INSTRUCTIONS TO FOLLOW ::
When you copy the material below, keep every line exact and omit the pictures.

MATERIAL SHOWN ::
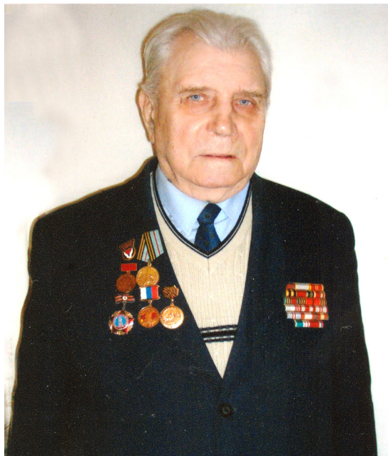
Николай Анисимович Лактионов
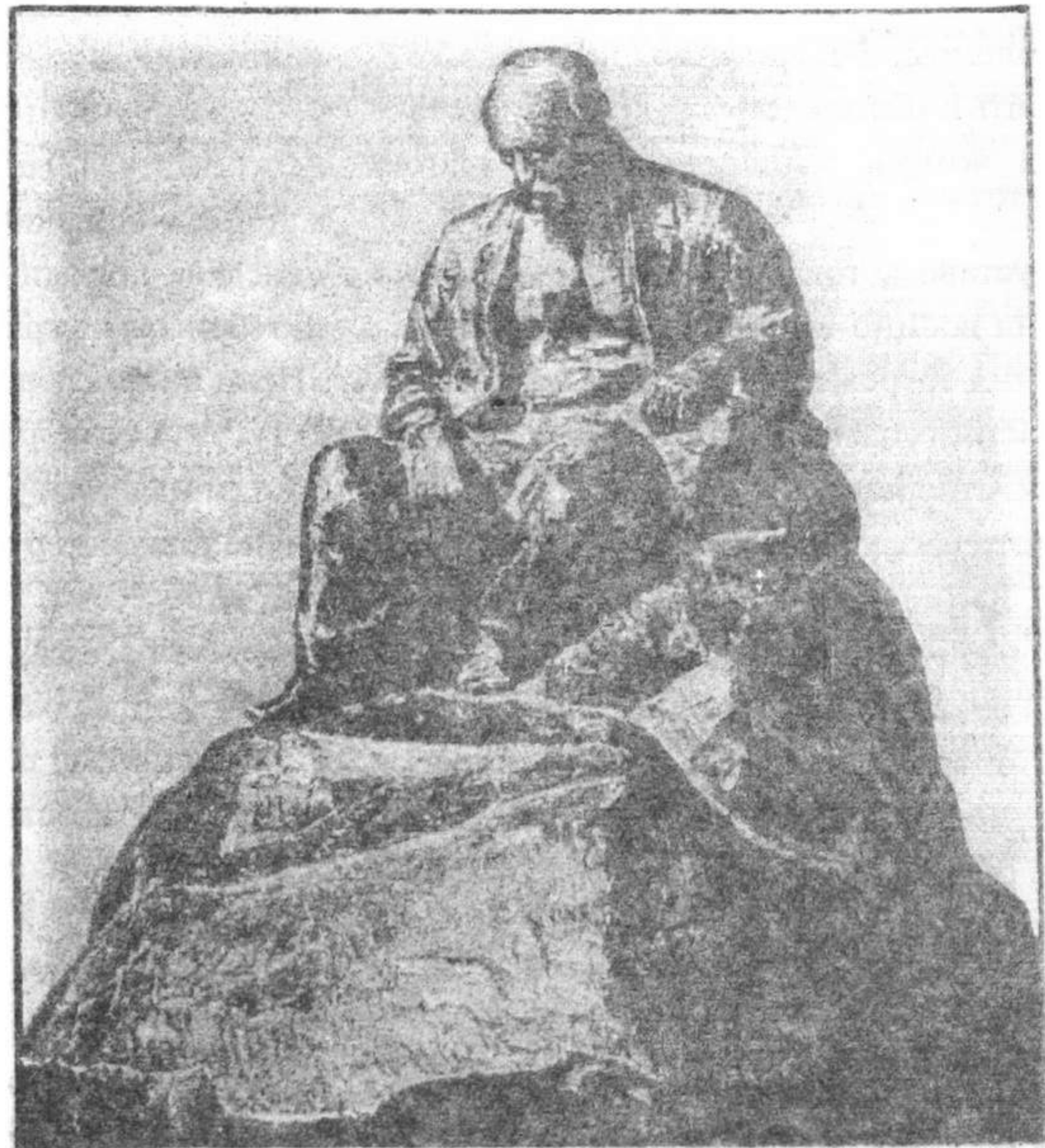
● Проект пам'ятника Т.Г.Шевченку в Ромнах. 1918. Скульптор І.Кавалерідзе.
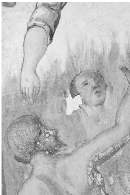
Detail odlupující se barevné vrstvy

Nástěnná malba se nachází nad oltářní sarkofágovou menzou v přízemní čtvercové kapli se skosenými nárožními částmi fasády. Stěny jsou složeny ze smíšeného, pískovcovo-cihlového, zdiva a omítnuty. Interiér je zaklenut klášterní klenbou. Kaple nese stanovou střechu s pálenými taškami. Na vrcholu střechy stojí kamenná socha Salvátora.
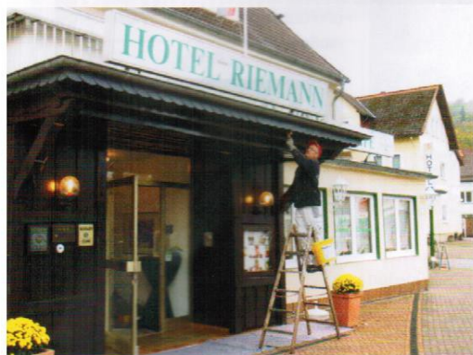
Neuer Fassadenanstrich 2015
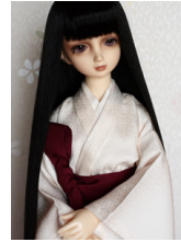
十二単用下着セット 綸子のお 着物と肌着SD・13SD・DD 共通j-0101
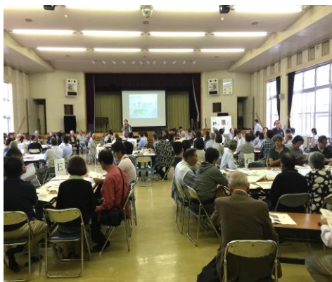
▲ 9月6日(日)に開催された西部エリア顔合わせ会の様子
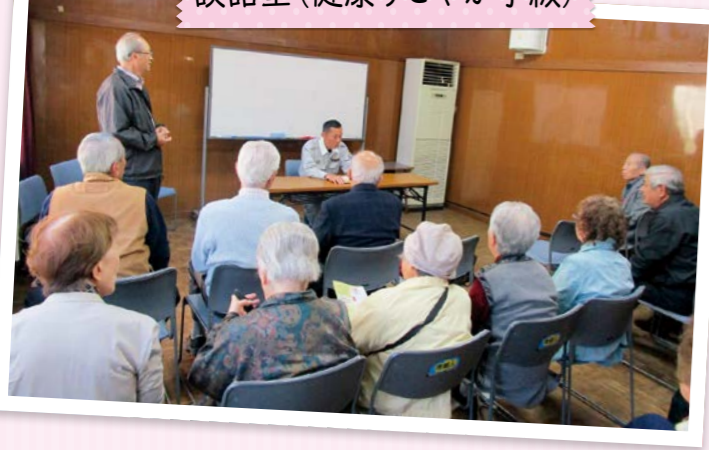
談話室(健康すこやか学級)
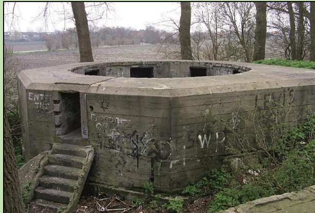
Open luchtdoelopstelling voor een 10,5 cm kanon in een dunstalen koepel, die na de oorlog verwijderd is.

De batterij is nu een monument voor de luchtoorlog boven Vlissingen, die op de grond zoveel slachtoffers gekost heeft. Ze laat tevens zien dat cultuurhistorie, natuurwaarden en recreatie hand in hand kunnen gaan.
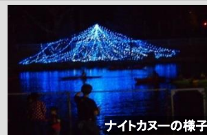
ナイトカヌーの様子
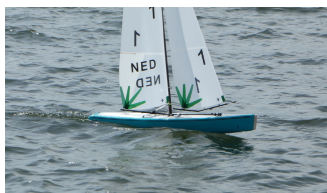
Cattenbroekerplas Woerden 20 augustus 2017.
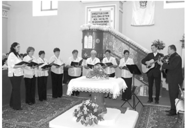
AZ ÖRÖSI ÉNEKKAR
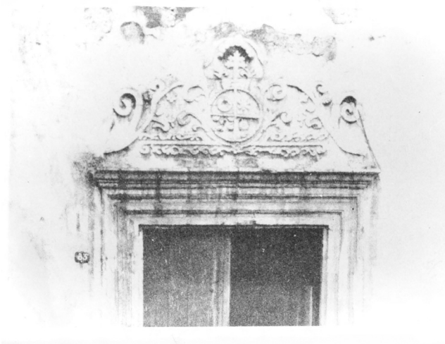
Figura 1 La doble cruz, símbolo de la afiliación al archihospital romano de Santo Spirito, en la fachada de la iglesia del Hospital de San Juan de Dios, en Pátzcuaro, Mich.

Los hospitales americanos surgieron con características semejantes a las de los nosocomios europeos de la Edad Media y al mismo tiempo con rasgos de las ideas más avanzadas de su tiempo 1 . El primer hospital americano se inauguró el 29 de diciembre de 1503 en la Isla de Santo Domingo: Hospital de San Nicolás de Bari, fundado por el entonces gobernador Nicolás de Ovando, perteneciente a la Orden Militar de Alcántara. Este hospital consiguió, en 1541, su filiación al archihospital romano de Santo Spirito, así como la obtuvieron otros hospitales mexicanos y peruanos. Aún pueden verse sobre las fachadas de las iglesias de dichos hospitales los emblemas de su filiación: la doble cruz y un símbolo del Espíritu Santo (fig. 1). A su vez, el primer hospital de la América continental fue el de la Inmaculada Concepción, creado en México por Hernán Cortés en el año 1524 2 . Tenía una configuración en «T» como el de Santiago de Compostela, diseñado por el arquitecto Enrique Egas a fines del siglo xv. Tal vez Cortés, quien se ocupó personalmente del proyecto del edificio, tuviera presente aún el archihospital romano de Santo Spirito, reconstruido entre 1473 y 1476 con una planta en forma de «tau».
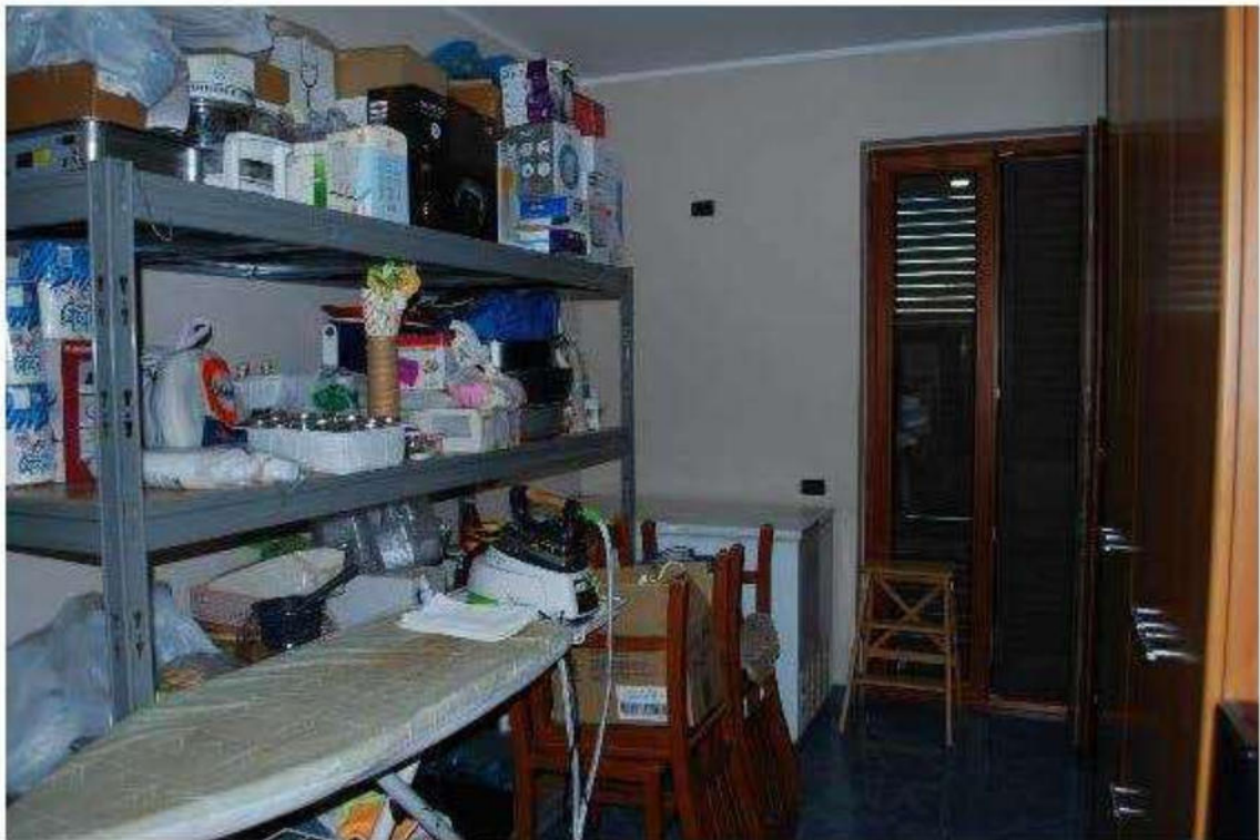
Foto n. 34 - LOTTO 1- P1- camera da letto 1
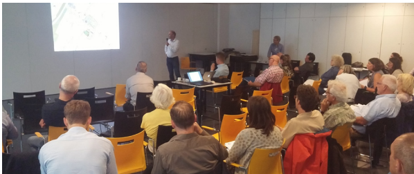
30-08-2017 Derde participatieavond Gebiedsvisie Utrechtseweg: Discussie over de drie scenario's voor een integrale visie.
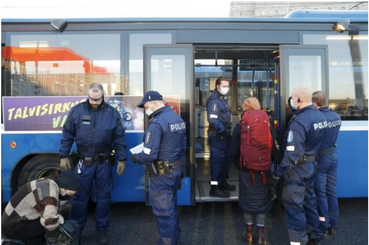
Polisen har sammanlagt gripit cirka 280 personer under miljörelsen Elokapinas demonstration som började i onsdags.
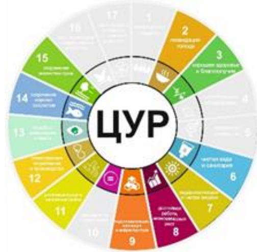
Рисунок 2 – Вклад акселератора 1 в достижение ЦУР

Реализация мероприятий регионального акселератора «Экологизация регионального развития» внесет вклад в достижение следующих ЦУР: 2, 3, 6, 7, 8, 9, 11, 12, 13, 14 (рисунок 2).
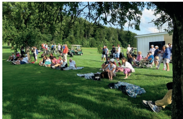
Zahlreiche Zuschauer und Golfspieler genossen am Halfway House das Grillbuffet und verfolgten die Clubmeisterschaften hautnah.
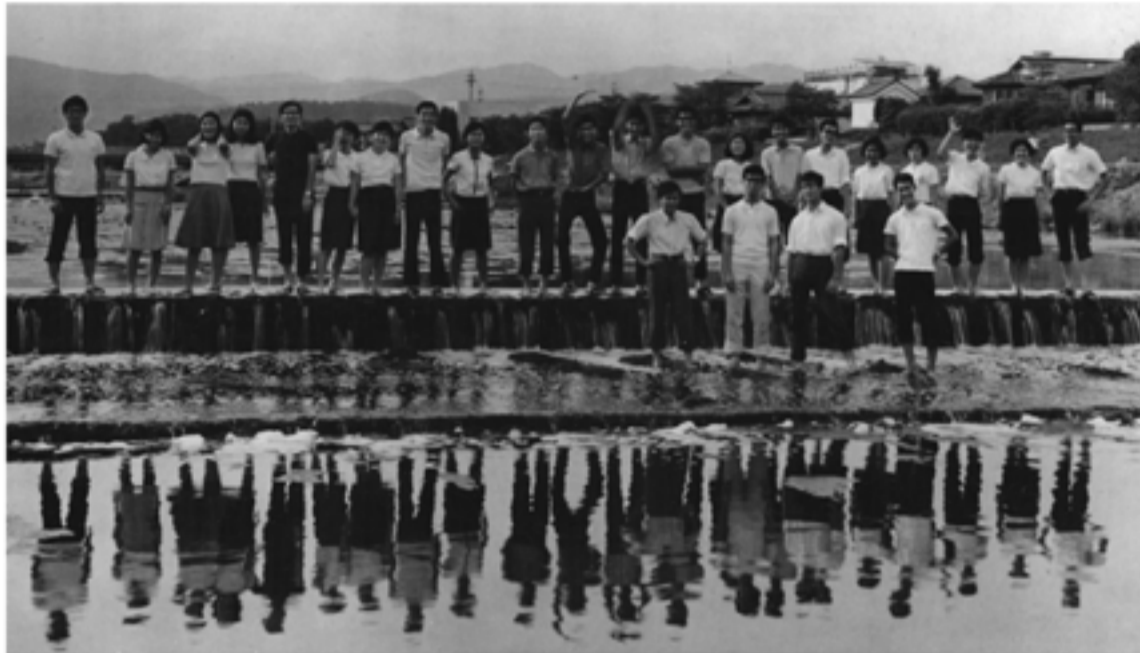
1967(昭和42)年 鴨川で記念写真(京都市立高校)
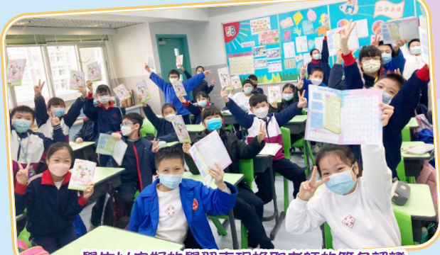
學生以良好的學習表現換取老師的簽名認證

ANSWER FOR THIS EXERCISE ::
Николай Анисимович Лактионов
● Проект пам'ятника Т.Г.Шевченку в Ромнах. 1918. Скульптор І.Кавалерідзе.
Detail odlupující se barevné vrstvy

Nástěnná malba se nachází nad oltářní sarkofágovou menzou v přízemní čtvercové kapli se skosenými nárožními částmi fasády. Stěny jsou složeny ze smíšeného, pískovcovo-cihlového, zdiva a omítnuty. Interiér je zaklenut klášterní klenbou. Kaple nese stanovou střechu s pálenými taškami. Na vrcholu střechy stojí kamenná socha Salvátora.
Neuer Fassadenanstrich 2015
十二単用下着セット 綸子のお 着物と肌着SD・13SD・DD 共通j-0101
▲ 9月6日(日)に開催された西部エリア顔合わせ会の様子
談話室(健康すこやか学級)
Open luchtdoelopstelling voor een 10,5 cm kanon in een dunstalen koepel, die na de oorlog verwijderd is.

De batterij is nu een monument voor de luchtoorlog boven Vlissingen, die op de grond zoveel slachtoffers gekost heeft. Ze laat tevens zien dat cultuurhistorie, natuurwaarden en recreatie hand in hand kunnen gaan.
ナイトカヌーの様子
Cattenbroekerplas Woerden 20 augustus 2017.
AZ ÖRÖSI ÉNEKKAR
Figura 1 La doble cruz, símbolo de la afiliación al archihospital romano de Santo Spirito, en la fachada de la iglesia del Hospital de San Juan de Dios, en Pátzcuaro, Mich.

Los hospitales americanos surgieron con características semejantes a las de los nosocomios europeos de la Edad Media y al mismo tiempo con rasgos de las ideas más avanzadas de su tiempo 1 . El primer hospital americano se inauguró el 29 de diciembre de 1503 en la Isla de Santo Domingo: Hospital de San Nicolás de Bari, fundado por el entonces gobernador Nicolás de Ovando, perteneciente a la Orden Militar de Alcántara. Este hospital consiguió, en 1541, su filiación al archihospital romano de Santo Spirito, así como la obtuvieron otros hospitales mexicanos y peruanos. Aún pueden verse sobre las fachadas de las iglesias de dichos hospitales los emblemas de su filiación: la doble cruz y un símbolo del Espíritu Santo (fig. 1). A su vez, el primer hospital de la América continental fue el de la Inmaculada Concepción, creado en México por Hernán Cortés en el año 1524 2 . Tenía una configuración en «T» como el de Santiago de Compostela, diseñado por el arquitecto Enrique Egas a fines del siglo xv. Tal vez Cortés, quien se ocupó personalmente del proyecto del edificio, tuviera presente aún el archihospital romano de Santo Spirito, reconstruido entre 1473 y 1476 con una planta en forma de «tau».
Foto n. 34 - LOTTO 1- P1- camera da letto 1
30-08-2017 Derde participatieavond Gebiedsvisie Utrechtseweg: Discussie over de drie scenario's voor een integrale visie.
Polisen har sammanlagt gripit cirka 280 personer under miljörelsen Elokapinas demonstration som började i onsdags.
Рисунок 2 – Вклад акселератора 1 в достижение ЦУР

Реализация мероприятий регионального акселератора «Экологизация регионального развития» внесет вклад в достижение следующих ЦУР: 2, 3, 6, 7, 8, 9, 11, 12, 13, 14 (рисунок 2).
Zahlreiche Zuschauer und Golfspieler genossen am Halfway House das Grillbuffet und verfolgten die Clubmeisterschaften hautnah.
1967(昭和42)年 鴨川で記念写真(京都市立高校)
學生以良好的學習表現換取老師的簽名認證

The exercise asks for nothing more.